TL;DR
On Linux+clang-O2+official_build std::vector's push_back() seems slower (up to 2x for vector<int>) and quite binary inefficient than resize()+data() / operator[]. This has nothing to do with memory / allocator / expansion policies.
Bonus: data() seems to give better alignment hints vs operator[]. For vector<int> looping over .data() seems ~9% faster than operator[] due to the use of double-quadword registers.
In the context of trying to reproduce go/minimize-pointer-following (nothing secret but unfortunately the link is internal only [1]) with our toolchains, I ended up with the following:
That vector-pointer-deref-is-not-hoisted issue doesn't seem to repro for me on Linux with clang -O2. In both cases (caching the data() ptr vs using operator[] on the pointer) the vector ptr dereferencing is hoisted outside of the loop (good). There is only something funny going on with alignment: the former is 9% faster as the compiler realizes it can use double-quadword instructions.
The thing that jumped to my attention though is the 3rd experiment using push_back().

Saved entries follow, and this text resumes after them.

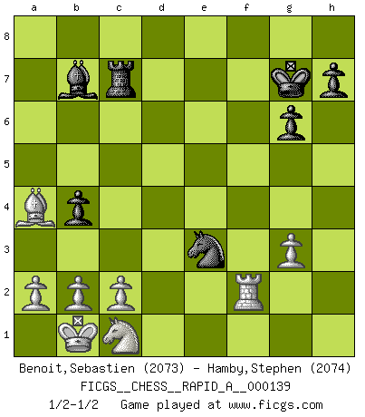 Last move : 1/2-1/2 2013 August 13 13:43:42 [Event "FICGS__CHESS__RAPID_A__000139"] [Site "FICGS"] [Date "2013.04.08"] [Round "1"] [White "Benoit,Sebastien"] [Black "Hamby,Stephen"] [Result "1/2-1/2"] [WhiteElo "2073"] [BlackElo "2074"] 1.e4 e6 2.d4 d5 3.Nc3 Nf6 4.e5 Nfd7 5.f4 c5 6.Nf3 Nc6 7.Be3 cxd4 8.Nxd4 Bc5 9.Qd2 O-O 10.O-O-O a6 11.Nb3 Bxe3 12.Qxe3 b5 13.Qh3 b4 14.Bd3 g6 15.Ne2 Qb6 16.Kb1 a5 17.Qh6 a4 18.h4 Ndxe5 19.fxe5 Nxe5 20.h5 Ng4 21.Qg5 e5 22.hxg6 fxg6 23.Nd2 Qf6 24.Qxf6 Rxf6 25.Rhf1 e4 26.Nxe4 dxe4 27.Bxe4 Rxf1 28.Rxf1 Ra7 29.Rf4 Kg7 30.Bc6 Re7 31.Nc1 Rc7 32.Bxa4 Ne3 33.Rf2 Bb7 34.g3 1/2-1/2 French : Steinitz, Boleslavsky variation Kingside Castling by player Black (move 9) Queenside Castling by player White (move 10) This chess game ended in a draw. Follow this game move after move (download)Who is your opponent tonight, tonight I am playing against the Black pieces. (Akiba Rubinstein) Jeder weiß, dass Gasprom Putins persönliches Machtinstrument ist. Die Firma wird vom Kreml aus geleitet und wird schon deshalb nie transparent sein. (Garry Kasparov) Juega la Apertura como un libro, el Juego Medio como un mago y los Finales como una máquina. (Spielmann) Le jeu d'échecs fait naître et fortifie en nous plusieurs qualités précieuses dans le cours de l'existence, telles que la prévoyance, la circonspection, la prudence, et la persévérance. (Benjamin Franklin - 1783, la morale des échecs) There is no instance of a country having benefited from prolonged warfare. (Sun Tzu)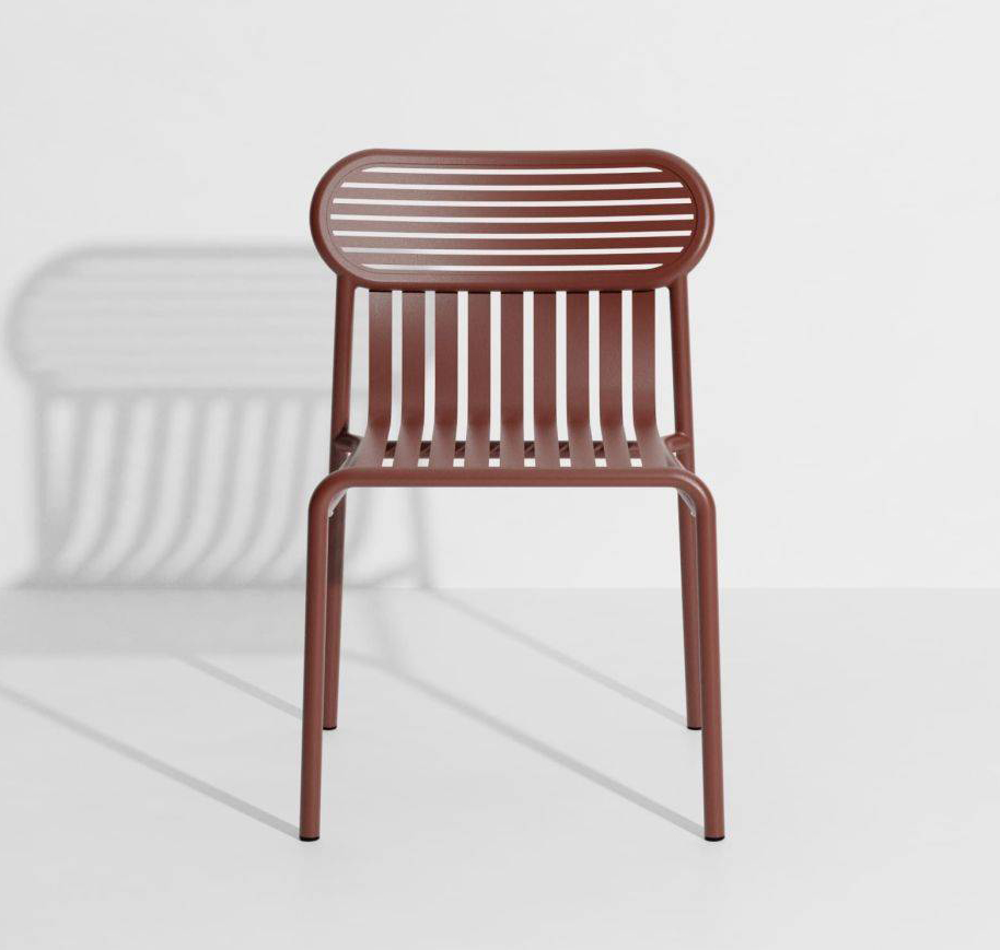 Cette chaise de jardin de la collection WEEK-END du Studio BRICHETZIEGLER mêle esthétisme et praticité. La forme ovale et cernée des assises dessine les dossiers et devient un signe graphique.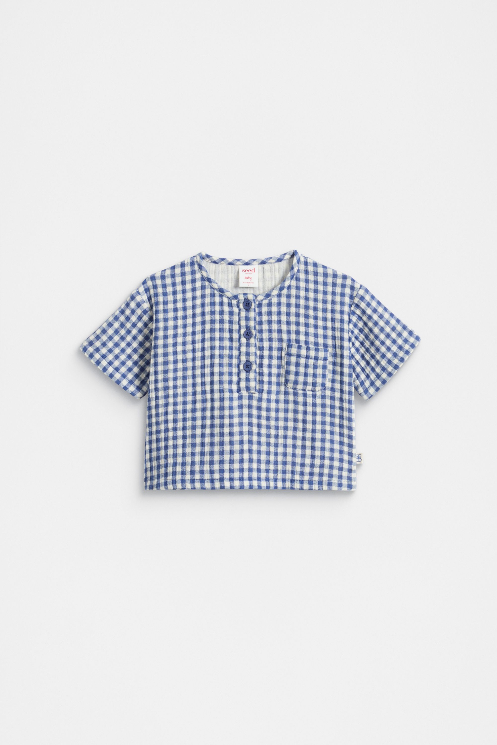 Comfortably lightweight, this cheesecloth shirt is the cutest design. It's crafted in premium cotton and features a round neck with a button up detail, short sleeves and a front pocket. Pair with the matching bloomers for an adorable head-to-toe look, or for the perfect gift.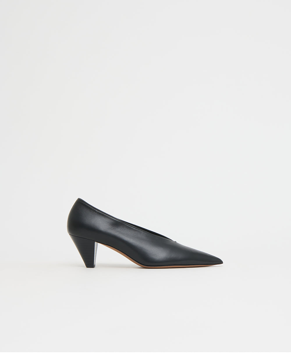 Sleek and sculptural, the Kiki Heel is defined by its razor-sharp silhouette, crafted with exceptional quality and featuring a pointed toe, a refined V-cut vamp, and a striated two-inch heel. Details Heel height: 2.2 in / 55 mm / 5.5 cm Composition: 100% Italian Lambskin Leather Made in Italy Materials Lambskin is known for its buttery soft and delicate touch. Thinner and softer than our previous nappa (saint top) material, Over time the leather becomes softer and smoother. “Second Skin Feeling”. Oil based tanning process that adds to the soft and beautiful hand-feel. Known for its quality and luxurious look. Do not expose to water. If leather becomes wet, immediately pat dry with a clean, soft cloth. While not in use, store in the dust bag for proper ventilation. Can be treated with a small amount of colorless shoe polish for soft leathers, with a soft clean cloth.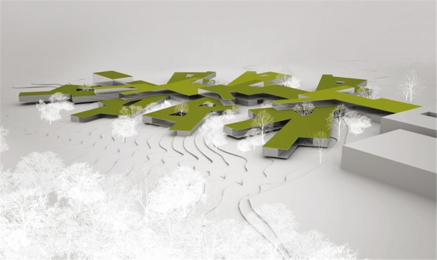 每個診療區(qū)能觀賞到周圍漂亮的綠景,同時建筑之間的戶外空間設(shè)計成繁茂的庭院和活動空間,用于外部治療。這些建筑部分在功能上和視覺上都是相連的,緊密聯(lián)系起來,與山地融合在一起。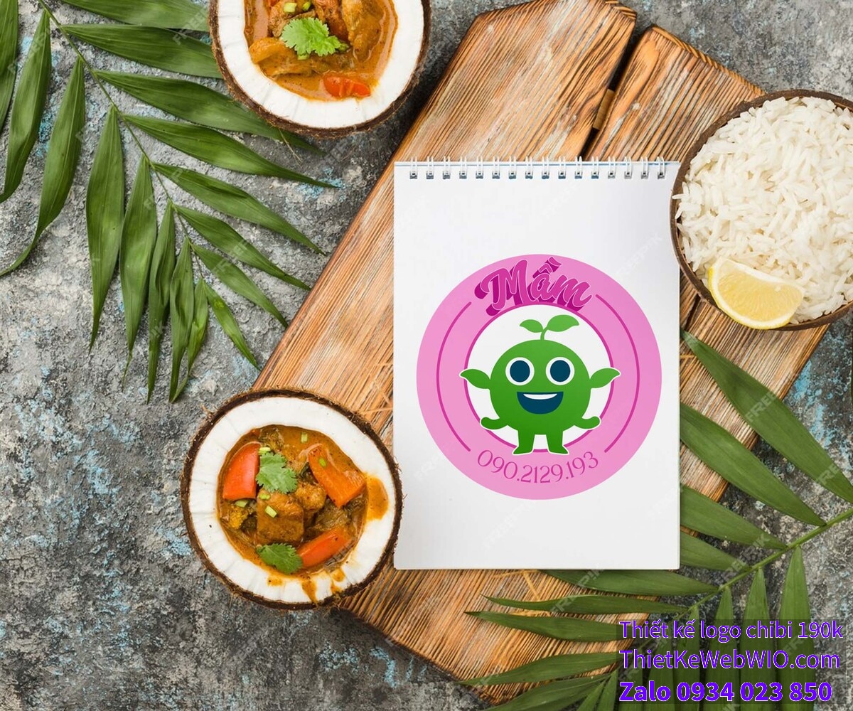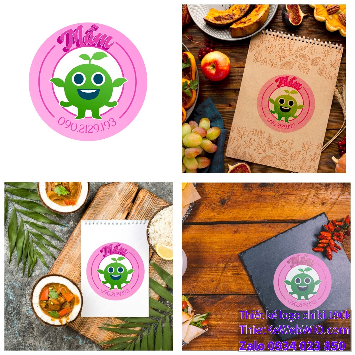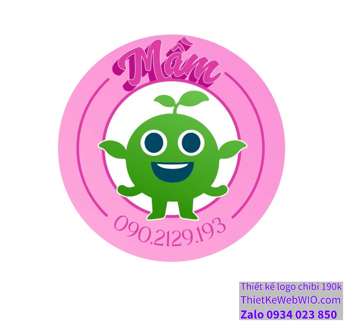 3. Khung viền và chữ: Khung tròn màu hồng bao quanh nhân vật chibi, với chữ “Mầm” viết cách điệu ở phía trên, và số điện thoại “090.2129.193” ở phía dưới, tạo nên một tổng thể hoàn chỉnh và dễ nhận diện.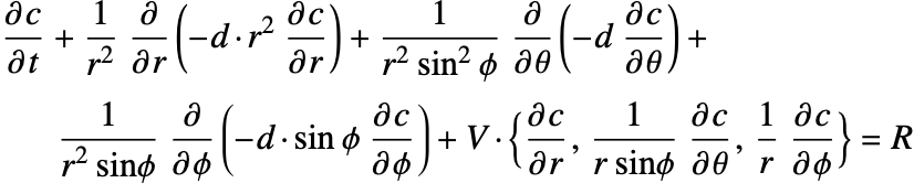 By inserting the coordinates relation (57) into equations (58) and (59), the mass balance equation can be expressed in spherical coordinates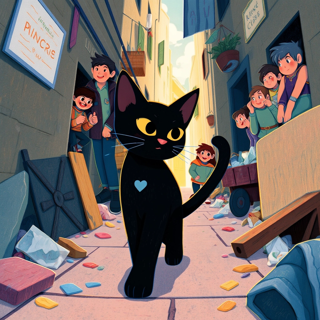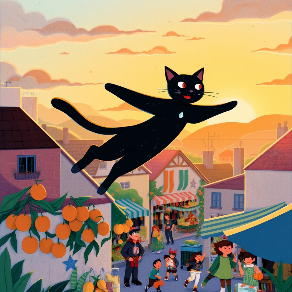 In a sunny city by the sea, lived a little black cat, wild and free. Her name was [Tel Aviv](KRJZWVRS), sleek and wise, with moonlit fur and starlit eyes.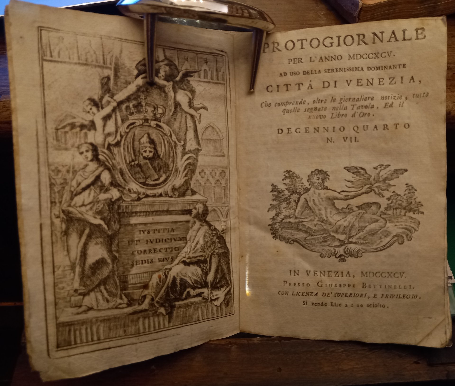 Protogiornale per l'anno MDCCXCV ad uso della Serenissima Dominante Città di Venezia, che comprende, oltre le giornaliere notizie, tutte quelle segnate nella tavola, ed il nuovo Libro d'Oro. Decennio quarto N. VII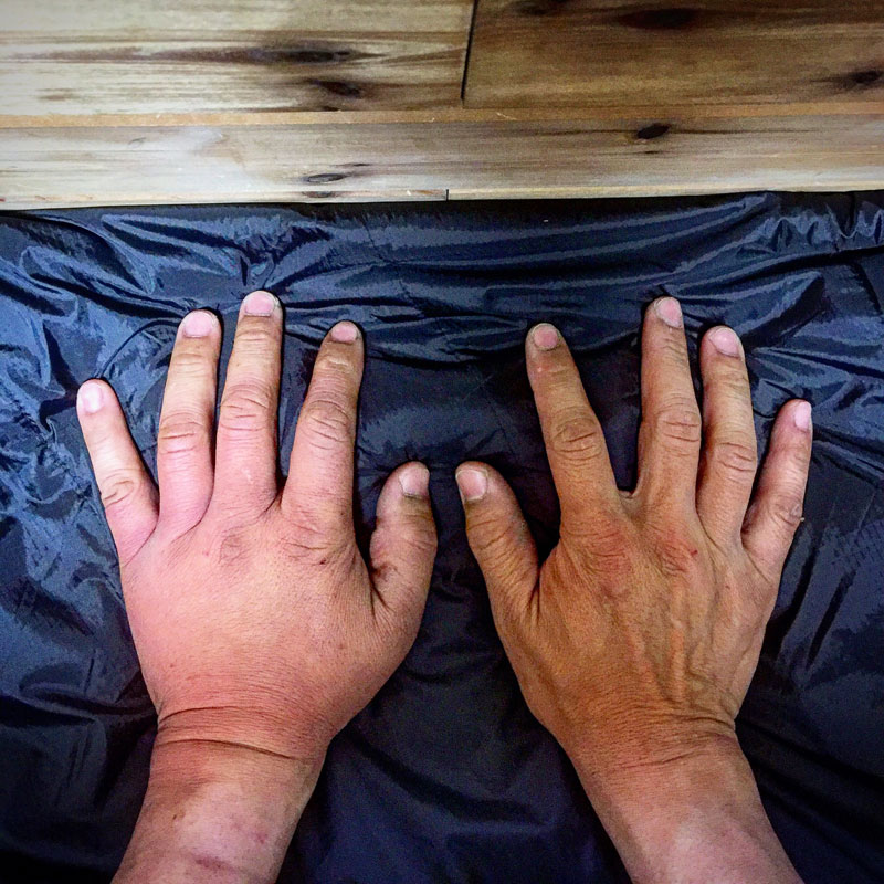 3日目の本日の左手。指の第一関節まで、うっ血が上がってきた。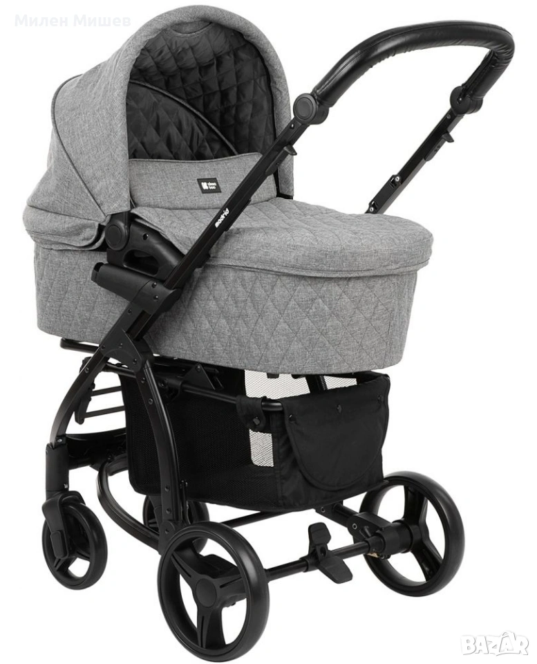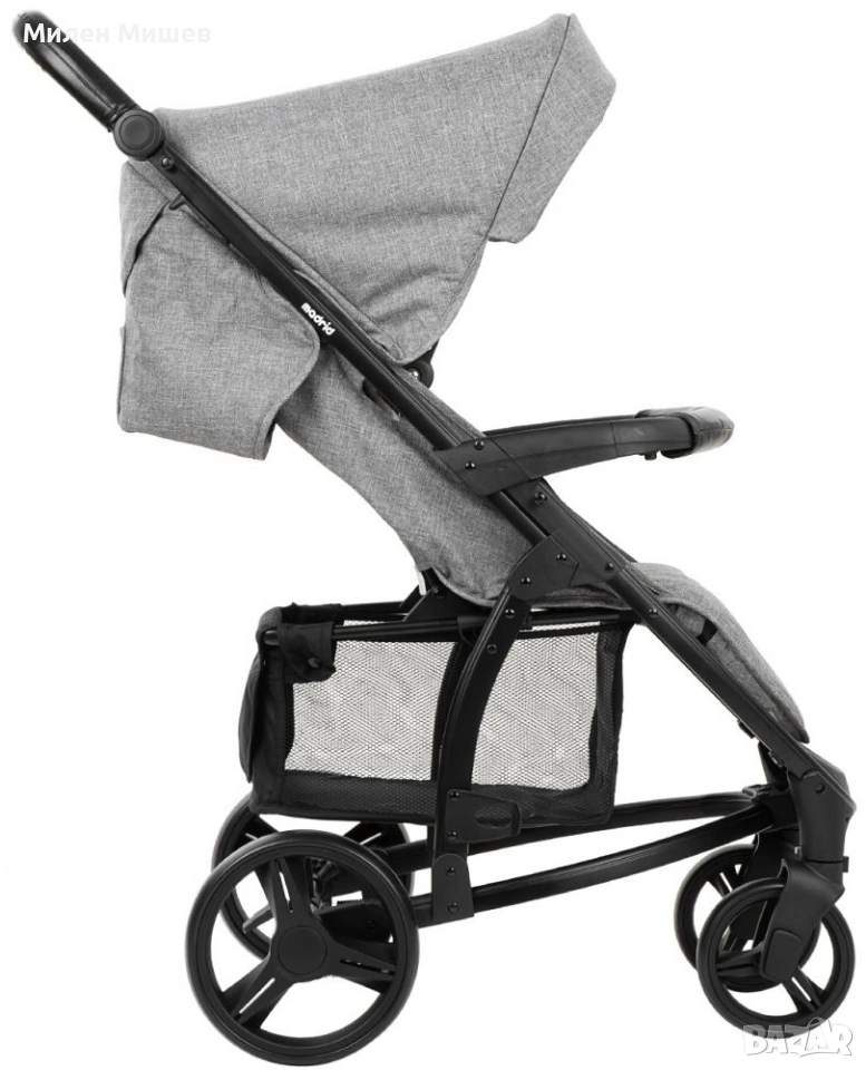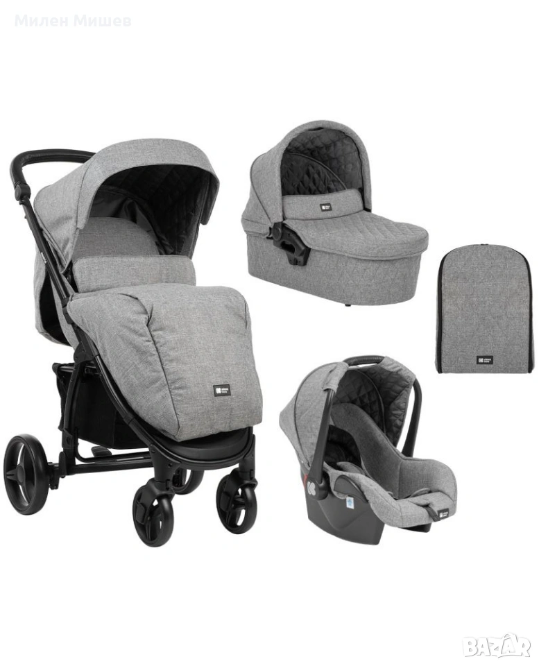 Бебешката количка Kikka Boo Madrid е със страхотен дизайн, подходяща за модерни градски родители. Комплектът включва кош за новородено, лятна седалка, столче за кола (0-13 kg) и допълнителни аксесоари. Моделът е стилен и маневрен, с лека алуминиева рамка с анодизирано покритие. За безопасността на детето се грижи 5-точковият предпазен колан. Характеристики: Луксозна и лека алуминиева рамка с анодизирано покритие; Система за бързо и лесно сгъване със или без седалката; Регулируема дръжка в 10 позиции; Голям отстраняем сенник; PVC прозорец за наблюдение на детето; Допълнителна козирка на сенника; Мека подложка на седалката; Регулируема позиция на гръбчето до пълно легнало положение; Регулиране с една ръка на облегалката; Джоб на гърба на седалката; Отстраняем предпазен борд; 5-точков предпазен колан с меки раменни подложки и покритие на долната катарама; Голям кош за съхранение на багаж; 360 градуса въртене на предните колела със заключващ механизъм; Задна спирачка с едно докосване; Отстраняеми предни и задни колела; Регулируема опора на крачетата в в 3 позиции. Характеристики на коша за новородено: Кош с мек матрак; Сгъваем и отстраняем сенник; Текстилна подложка на дръжката. Характеристики на столчето за кола: Регулируема ергономична дръжка; Отсраняем сенник; Мека подложка; 3-точков предпазен колан с меки раменни подложки и покритие на долната катарама; 0-13 kg (група 0+). Комплектът включва: Кош за новородено; Лятна седалка; Столче за кола (0-13 kg); Чанта за аксесоари, която може да се превърне в повивалник; Поставка за чаша; Покривало за крачета на седалката; Покривало за крачета на коша за новородено; Дъждобран; Адаптори за столчето за кола. Моделът е подходящ за деца още от раждането до достигане на тегло от 22 kg. Тегло на количка: 10.5 kg Размер разгъната: 107 x 58 x 70 cm Размер сгъната: 80 x 58 x 26 cm Тегло на кош за новородено: 6 kg Размер: 88 х 46 х 24 cm Тегло на столче за кола: 4 kg Размер: 68 x 39 x 54 cm

That:
- For the specific case of inserting into a vector<int> push_back() seems 2X slower than the two other alternatives (resize() + data() and operator[])
Probably it is just me, but until now I would have never expected push_back to be _that_ slow and binary-inefficient. I know that push_back() generally yields to safer and more readable code but, if I didn't do anything silly, this seems to suggest that .data() is faster for hot loops.
Talking about which, I am not sure how much of them we have. An
codesearch attempt [4] suggests that we have ~3600 instances of push_back() within a loop.
[1] The TL;DR of that doc is that passing a pointer to std::vector<int>* to a function which reads/writes via .data()/operator[] can cause the vector ptr derefencing operation to _not_ be hoisted outside of the loop due to aliasing. Which doesn't seem to happen here.